As we have seen in the recent drawn-out court battles of the Little Sisters of the Poor, that is not an unlikely scenario. When Catholics and their allies reach a point where they must spend years in litigation, nobody wins.
A Better Response: Conditional Support
Instead of whole-hearted endorsement of the bill, these groups should use their position to champion its strengths while demanding clarification of its language.

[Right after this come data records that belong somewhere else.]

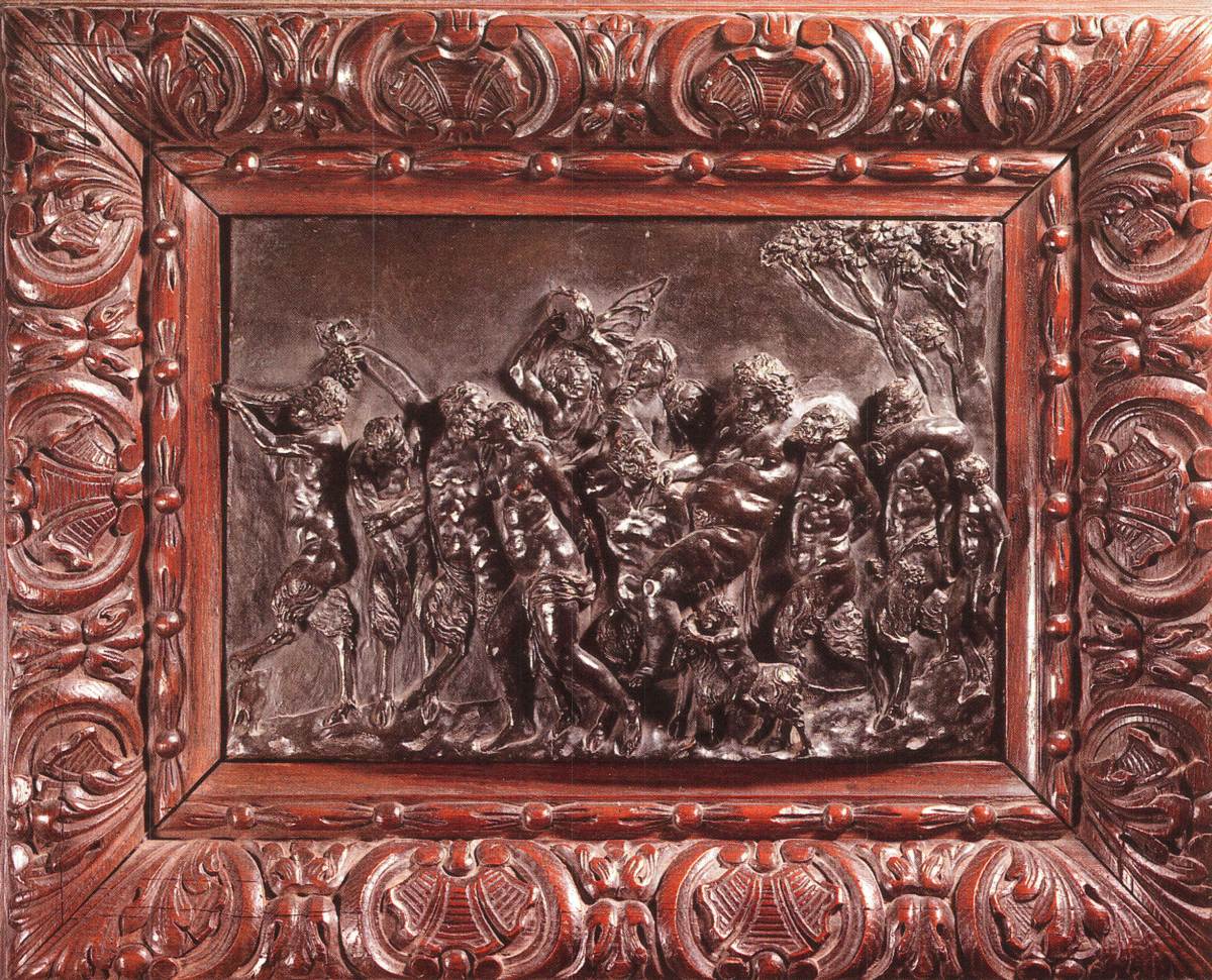Plaque de bronze à décor en ronde-bosse, d'une bacchanale animée de 13 sujets.
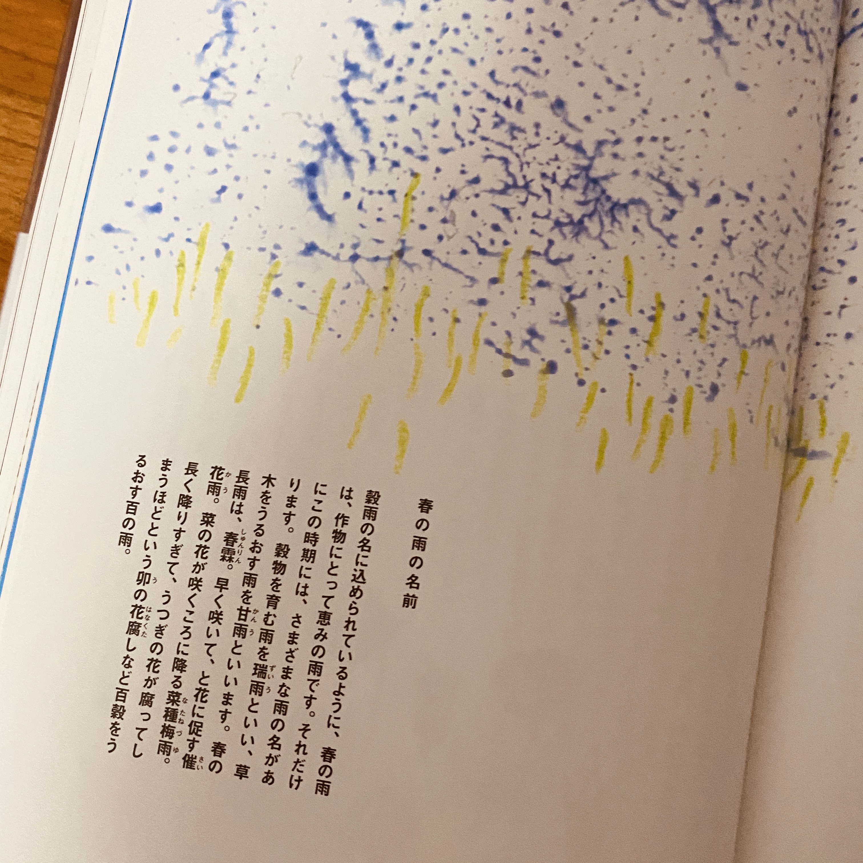 关于春天的雨,它还有许多好听的名字。孕育谷物的雨叫「瑞雨(すいう)」;润泽草木的雨叫「甘雨(かんう)」; 春的长雨,叫「春霖(しゅんりん)」;让花盛放的雨叫「花雨(かう)」。菜花开花时的雨叫「菜種梅雨(なたねづゆ)」。
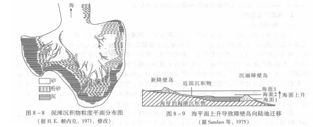 障壁岛沉积物主要为细砂和极细砂沉积,发育平面状低角度层理和槽状交错层理。障壁岛—泻湖是一种重要的海岸类型,很多海域都发育。当海平面发生变化时,障壁岛会发生迁移。
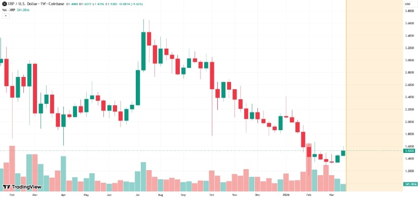 ChartNerdTA指出XRP上升三角形态,在市场复苏与Ripple采用背景下涨至1.53美元。来源:ChartNerd via X

At best, the bill would explicitly exclude both contraception and abortion from “reasonable accommodations.” Since this is unlikely, pro-lifers should at least join with Rep. Virginia Foxx and demand strong protections in the bill itself for religious organizations.
Advocates could point to the numerous state-level pregnancy accommodation laws for examples of legislation that both supports mothers and upholds conscience rights. In Kentucky, for example, almost identical protections are required in a law that also includes religious organization protections. Fifteen other states already have similar legislation in place.
The question facing the pro-life movement is whether or not it is willing to champion this much-needed legislation in the full knowledge that there will be significant negative consequences for its own organizations … and for the unborn.
Best Bet… Wait
But the question doesn’t have to be answered now. As Congress heads into the lame-duck session, the best option for pro-lifers is to wait until there is more opportunity to turn the Pregnant Workers Fairness Act into the great piece of legislation that it could be.
“In less than a month we will see a new Congress, with a new, more conservative leadership and many new representatives,” said McClusky. “Whatever passes in a lame duck will have been pushed by the Congress that America fired. No respectable member of Congress should vote for any substantial piece of legislation – especially legislation that ignores religious concerns – in a lame duck session.”